(Beginning of ENTRIES SHOWN)

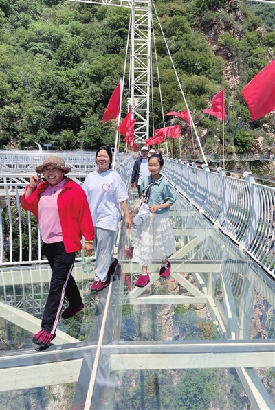 九山顶自然风景区高空玻璃栈道格外吸引游客。
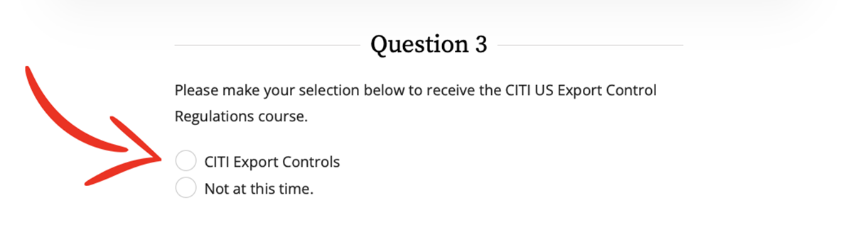 • For Export Controls, select the “CITI Export Controls” course under Question 3. What this looks like.
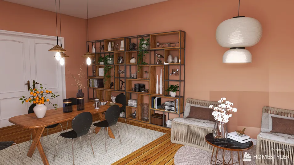 A design I did for two friends of mine. They wanted a dinningroom with a place to rest. They wished for earthy and warm notes.
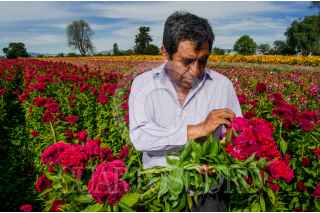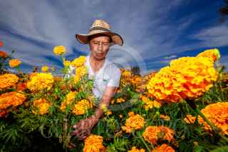 TLAXCOAPAN, HIDALGO, 26OCTUBRE2017.- Productores de flor de la comunidad de Doxey, comenzaron la cosecha de cempasúchil, nube, crisalias, mano de león y besos, flores tradicionales para los festejos del Día de Muertos; además anunciaron que se llevará a cabo el "Festival de las Flores" a realizarse el próximo 28 y 29 de octubre en este municipio. FOTO: JUAN PABLO ZAMORA /CUARTOSCURO.COM
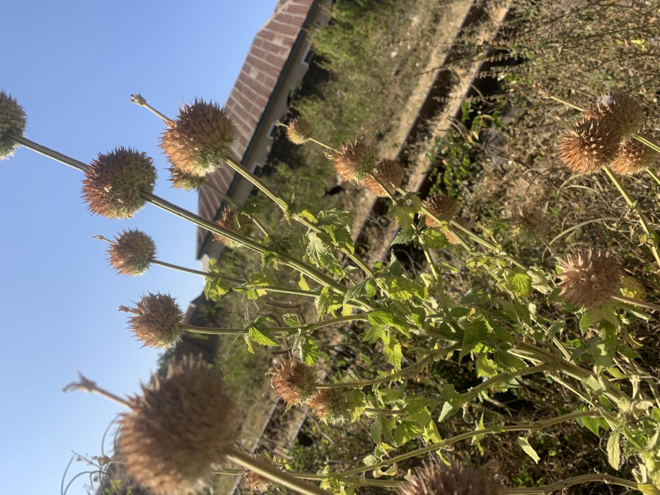 The image displays an outdoor scene in Gura Top, Nigeria, characterized by bright sunlight and clear blue skies. The foreground is dominated by multiple plants featuring prominent, spherical, spiky, and dry seed pods, predominantly light brown to tan, interspersed with green foliage. In the midground, dry, sparse vegetation covers uneven ground, with faint, parallel dark lines suggesting abandoned railway tracks running horizontally. A small, dark, quadrupedal animal is partially visible among the midground vegetation on the right. The background features a building with a light-colored facade and a distinct reddish-brown corrugated metal roof, situated on an elevated slope.
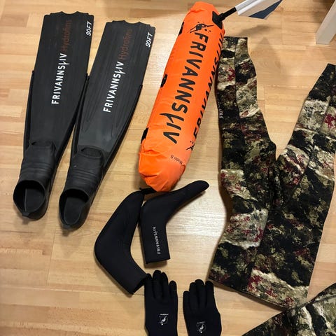 Sønnen selge fridykking utstyret sitt. Kjøpt nytt av han i 2023 lite brukt. Her har du alt du trenger for å starte med undervanns jakt. Størrelse: drakt L 7mm, svømmeføtter 42-44, hansker L, sokker L 7mm og M 5mm. Harpun ikke brukt.

(End of ENTRIES SHOWN)

* **EXERCISE GOAL**: What is needed is a word-for-word copy of the data above, free of any images.

* **RESPONSE BELOW**:
 九山顶自然风景区高空玻璃栈道格外吸引游客。
 • For Export Controls, select the “CITI Export Controls” course under Question 3. What this looks like.
 A design I did for two friends of mine. They wanted a dinningroom with a place to rest. They wished for earthy and warm notes.
 TLAXCOAPAN, HIDALGO, 26OCTUBRE2017.- Productores de flor de la comunidad de Doxey, comenzaron la cosecha de cempasúchil, nube, crisalias, mano de león y besos, flores tradicionales para los festejos del Día de Muertos; además anunciaron que se llevará a cabo el "Festival de las Flores" a realizarse el próximo 28 y 29 de octubre en este municipio. FOTO: JUAN PABLO ZAMORA /CUARTOSCURO.COM
 The image displays an outdoor scene in Gura Top, Nigeria, characterized by bright sunlight and clear blue skies. The foreground is dominated by multiple plants featuring prominent, spherical, spiky, and dry seed pods, predominantly light brown to tan, interspersed with green foliage. In the midground, dry, sparse vegetation covers uneven ground, with faint, parallel dark lines suggesting abandoned railway tracks running horizontally. A small, dark, quadrupedal animal is partially visible among the midground vegetation on the right. The background features a building with a light-colored facade and a distinct reddish-brown corrugated metal roof, situated on an elevated slope.
 Sønnen selge fridykking utstyret sitt. Kjøpt nytt av han i 2023 lite brukt. Her har du alt du trenger for å starte med undervanns jakt. Størrelse: drakt L 7mm, svømmeføtter 42-44, hansker L, sokker L 7mm og M 5mm. Harpun ikke brukt.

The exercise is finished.